As the costs of renewables has decreased dramatically in recent years — the cost of solar energy has fallen 53 percent since 2010 — a commitment to increased use of electricity from renewable sources ensures good stewardship of financial resources. Dignity Health, along with a growing number of Fortune 500 companies, has set and is meeting climate and energy goals to reduce greenhouse gas emissions, including investing in renewable energy. States with robust clean energy standards often offer more opportunities for businesses to gain access to renewable energy and can attract more corporate investments.

Clean energy not only makes economic sense, but it is also the expectation of customers, employees and investors. Successful companies are always looking for ways to save money, reduce risks and plan for the future. Clean energy policies, like a stronger renewable energy standard, help ensure all customers can take advantage of the benefits of having more renewable energy on the grid.

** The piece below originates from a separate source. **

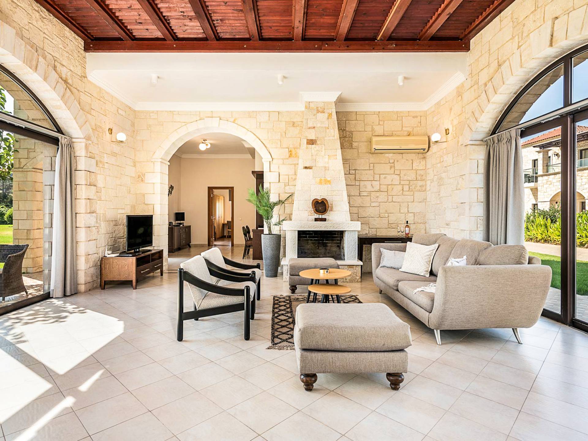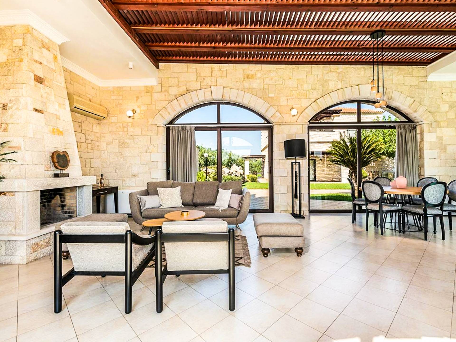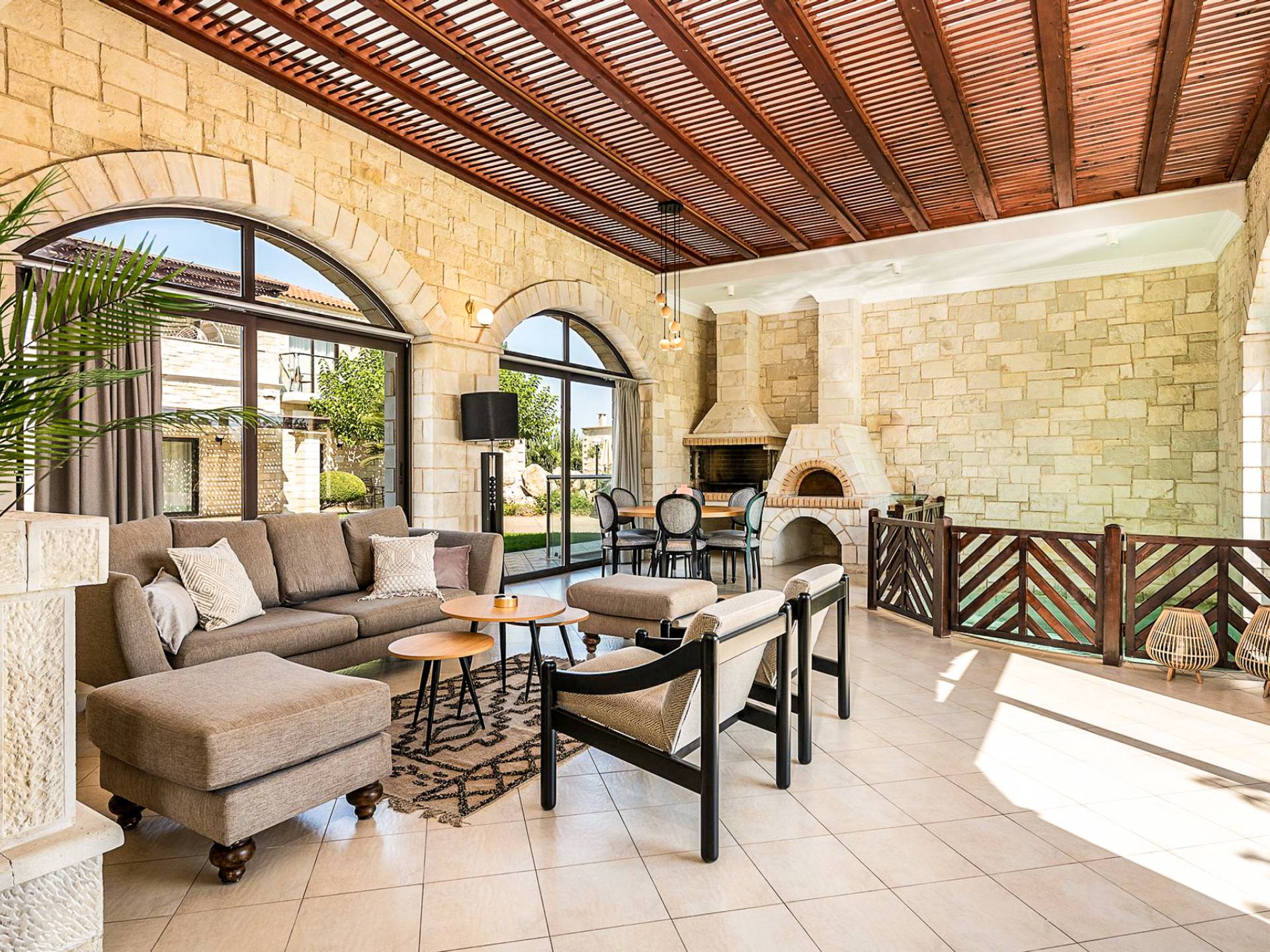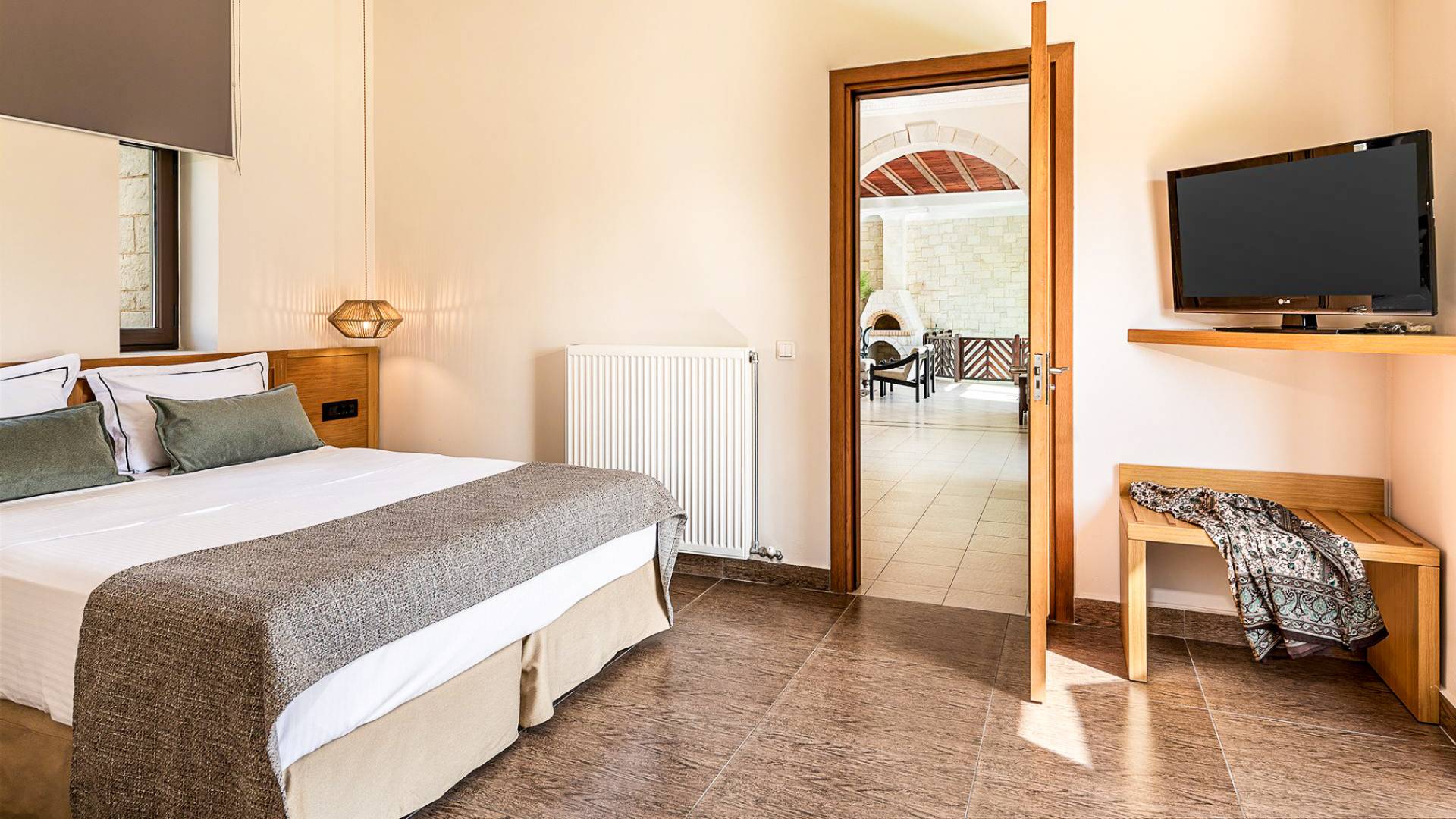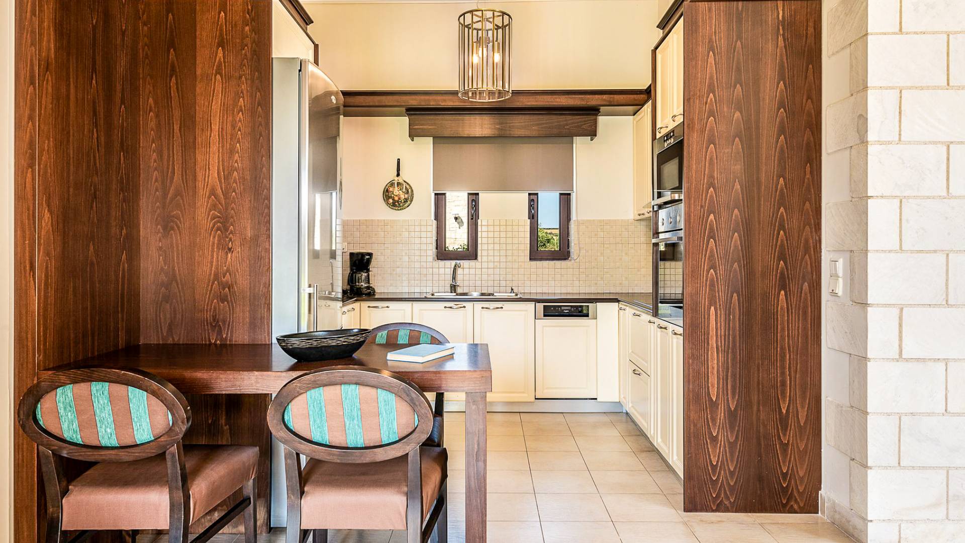 На первом этаже находится гостиная и обеденная зона открытой планировки с камином и принадлежностями для барбекю, которая сочетает в себе закрытый и открытый частные бассейны, обеспечивает все удобства и роскошь и создает поистине очаровательную атмосферу. На первом этаже находится спальня с двуспальной кроватью с ванной комнатой, туалет и дополнительная кровать. На втором этаже две спальни с двуспальными кроватями с ванными комнатами и просторные балконы с видом на чудесную сельскую местность. Во всех номерах есть 32-дюймовый телевизор с плоским экраном, кондиционер, центральное отопление, что делает виллу подходящей для проживания в течение всего года, садовую мебель, шезлонги и зонтики от солнца.

As hospitals are, by nature, high energy users and consumers, our St. Rose Dominican recognizes and values the significant cost savings provided by renewable energy and energy efficiency. Above all, for our hospitals and clinics, we know the cost of inaction far exceeds the cost of action and smart investing in renewables.

In our hospitals and clinics, we witness what the cost of dirty air means to human health. The particle pollution from U.S. coal plants alone is estimated to cause $100 billion a year in health costs, as well as 13,200 deaths, 9,700 hospitalizations, and 20,000 heart attacks. Children, the elderly and people with respiratory diseases are hardest hit.

We believe that human health is inextricably linked to the health of our planet. Our healing mission calls us to stewardship — of our fiscal resources and in the way we deliver health care and care for the environment. Key to our efforts is to modernize the health delivery system in ways that make higher quality care more accessible at a lower cost while promoting community health and a healthy environment.

The sustainability of health care needs leadership, innovation and an investment in renewable resources. We encourage lawmakers to support the passage of AB 206 into law. Together with the people of Nevada, we can make a strong community-wide commitment to the stewardship and sustainability of our state’s health care, economic and natural resources for this and future generations.

Sister Phyllis Sikora is vice president for mission integration and spiritual care for Dignity Health Nevada.